Sistem Internal Semut Gurun

Di Tunisia ada sebuah penelitian yang dilakukan untuk memahami bagaimana pola semut gurun mencari makan. Didapatkan bahwa semut gurun keluar dari sarangnya untuk mencari makan. 

Mereka keluar dari sarangnya untuk menjelajahi gurun pasir yang tak memiliki ujung. Kemudian mereka kembali ke sarangnya setelah mendapatkan makanan. Menariknya, semut-semut gurun itu mampu menggunakan rute terpendek yang memungkinkannya sampai ke sarang dalam waktu singkat dan tak ada satupun semut yang menyasar.

Rasanya, manusia saja mungkin tidak akan mampu untuk melakukan hal yang sama tanpa membuat kalkulasi kompleks dengan alat ukur atau dengan menggunakan hukum hitungan trigonometri dalam ilmu Matematika.

Bahkan, mungkin saja manusia justru tidak mampu menemukan kembali jalan pulangnya di tengah gurun padang pasir yang kosong dan begitu luasnya. 
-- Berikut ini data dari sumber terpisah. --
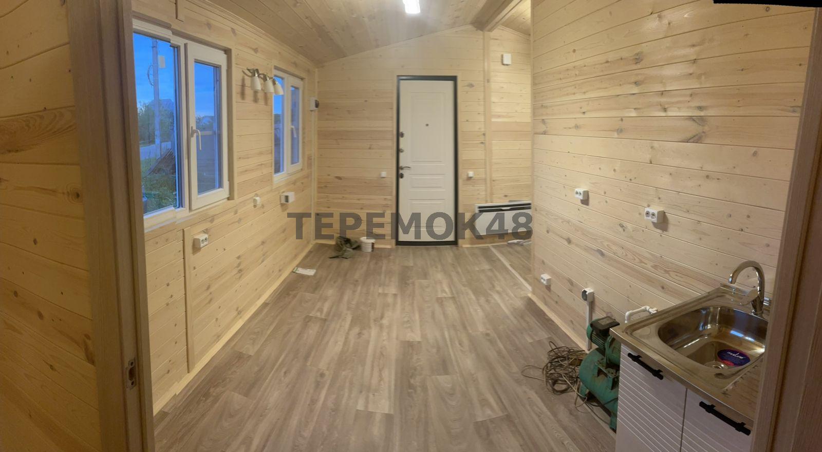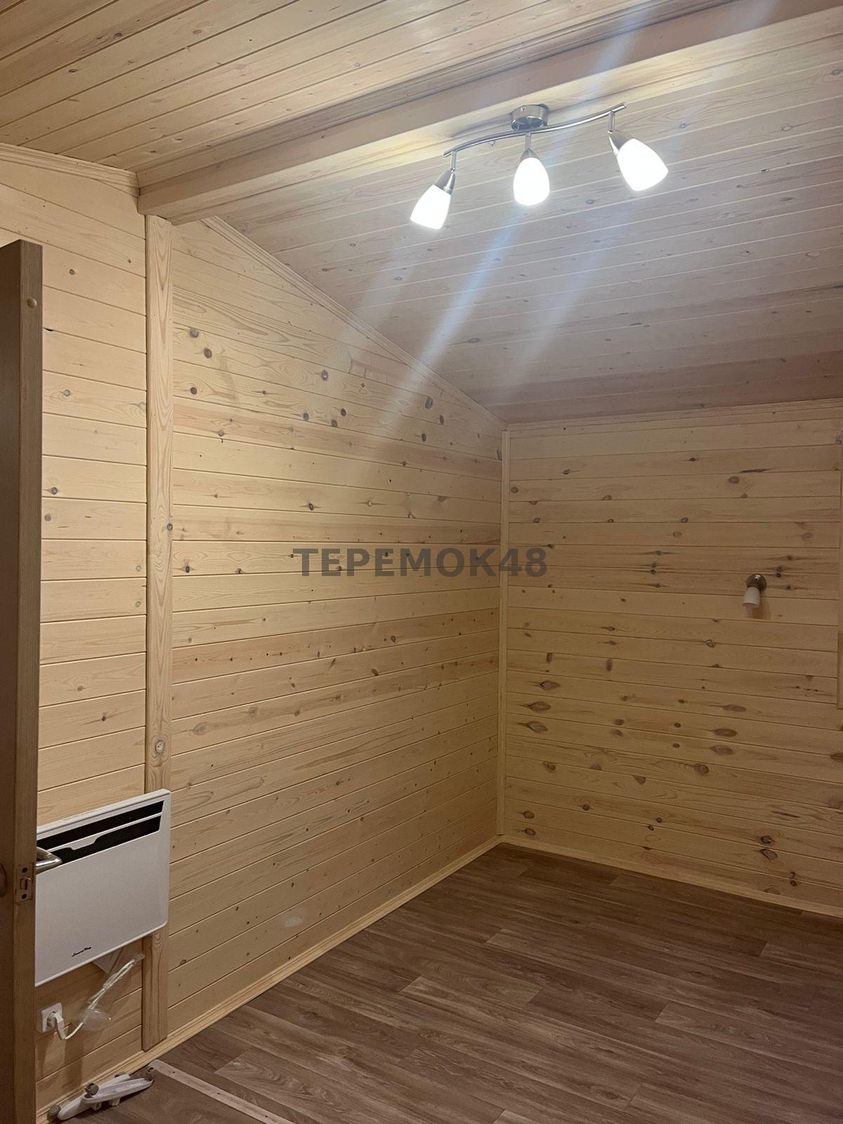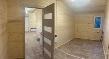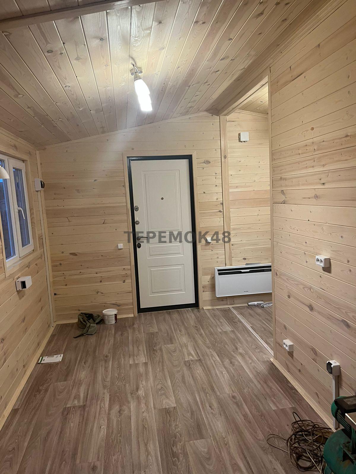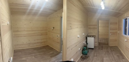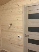 Отделка внутри - имитация бруса 21мм кат. "С" с покраской EUROTEX "Ваниль". Перегородки из имитации бруса 21мм кат. "С" без утепления.

Bagi semut gurun, hal itu sangat perlu dilakukan dengan penuh ketepatan. Jika tidak, akibatnya bisa sangat membahayakan. Cuaca panas gurun di siang hari bisa menyebabkan banyak insekta yang tidak mampu bertahan melawan teriknya matahari. Begitu halnya juga semut gurun ini.

Semut gurun hanya mampu bertahan melawan panasnya gurun pasir kurang lebih hanya dalam durasi 1 jam saja. Dalam tempo waktu sesingkat itu, semut gurun harus keluar dari sarangnya, pergi mencari makan, dan kembali ke sarangnya tanpa harus menyasar.

Berdasarkan penelitian, semut gurun diciptakan Tuhan dengan sistem internal dalam tubuhnya yang mampu melacak langkah yang mereka ambil dan mengkalibrasi ulang sendiri ketika melakukan perjalanan pulang.

Mereka tidak menggunakan persepsi mereka untuk menemukan arah pulang. Mereka juga tidak menggunakan metode canggih lain untuk menentukan arah pulang.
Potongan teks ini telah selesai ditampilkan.